### Work order
Would you quote every entry exactly, dropping only the pictures?

*** Opening Listed records ***

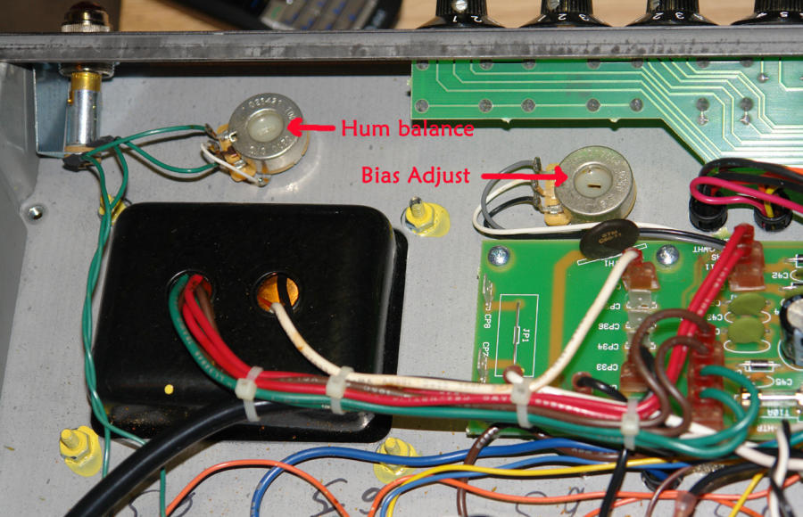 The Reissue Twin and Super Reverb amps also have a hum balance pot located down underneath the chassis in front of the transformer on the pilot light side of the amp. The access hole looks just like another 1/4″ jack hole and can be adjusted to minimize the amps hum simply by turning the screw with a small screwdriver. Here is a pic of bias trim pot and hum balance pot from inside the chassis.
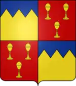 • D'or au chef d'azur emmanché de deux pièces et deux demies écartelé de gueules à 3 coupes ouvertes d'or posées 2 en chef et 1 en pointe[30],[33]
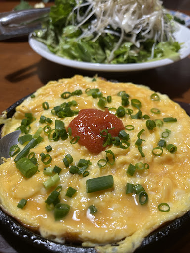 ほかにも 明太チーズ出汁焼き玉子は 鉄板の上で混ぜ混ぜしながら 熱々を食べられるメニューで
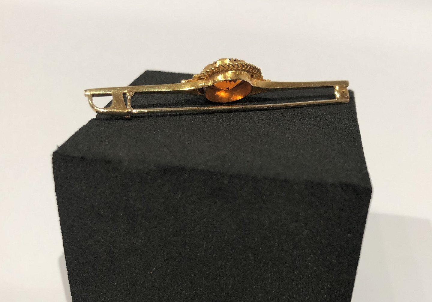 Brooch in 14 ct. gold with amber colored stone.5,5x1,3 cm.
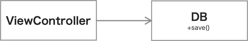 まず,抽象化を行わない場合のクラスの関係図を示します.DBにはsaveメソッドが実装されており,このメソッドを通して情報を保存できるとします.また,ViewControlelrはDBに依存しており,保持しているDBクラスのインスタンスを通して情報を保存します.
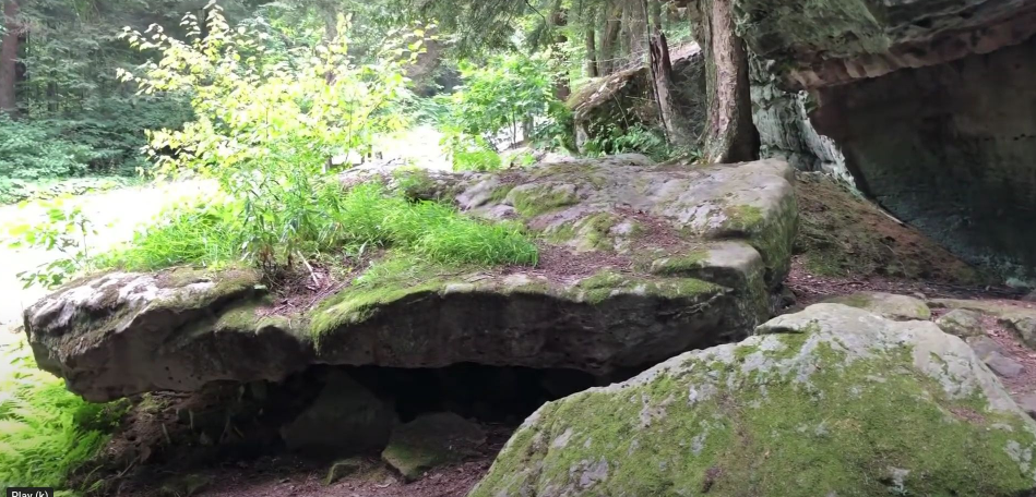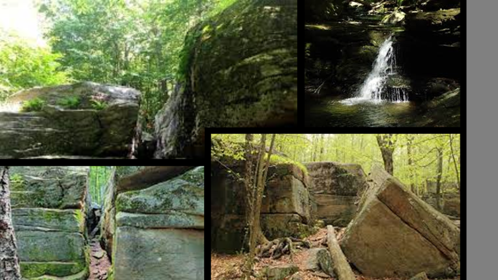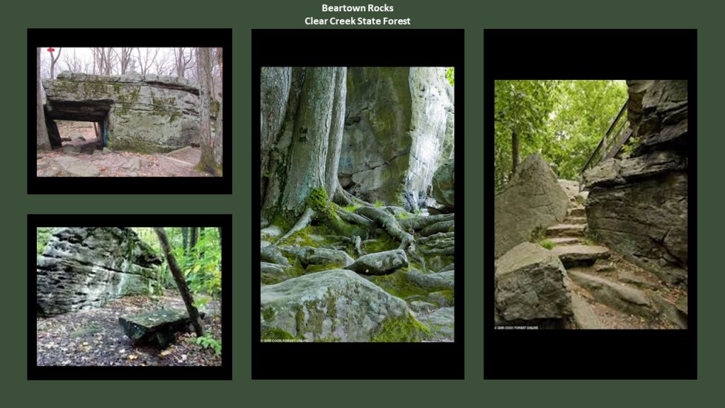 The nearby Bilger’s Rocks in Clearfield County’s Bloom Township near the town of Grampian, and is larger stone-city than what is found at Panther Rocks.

*** Closing Listed records ***

### Completed task
 The Reissue Twin and Super Reverb amps also have a hum balance pot located down underneath the chassis in front of the transformer on the pilot light side of the amp. The access hole looks just like another 1/4″ jack hole and can be adjusted to minimize the amps hum simply by turning the screw with a small screwdriver. Here is a pic of bias trim pot and hum balance pot from inside the chassis.
 • D'or au chef d'azur emmanché de deux pièces et deux demies écartelé de gueules à 3 coupes ouvertes d'or posées 2 en chef et 1 en pointe[30],[33]
 ほかにも 明太チーズ出汁焼き玉子は 鉄板の上で混ぜ混ぜしながら 熱々を食べられるメニューで
 Brooch in 14 ct. gold with amber colored stone.5,5x1,3 cm.
 まず,抽象化を行わない場合のクラスの関係図を示します.DBにはsaveメソッドが実装されており,このメソッドを通して情報を保存できるとします.また,ViewControlelrはDBに依存しており,保持しているDBクラスのインスタンスを通して情報を保存します.
 The nearby Bilger’s Rocks in Clearfield County’s Bloom Township near the town of Grampian, and is larger stone-city than what is found at Panther Rocks.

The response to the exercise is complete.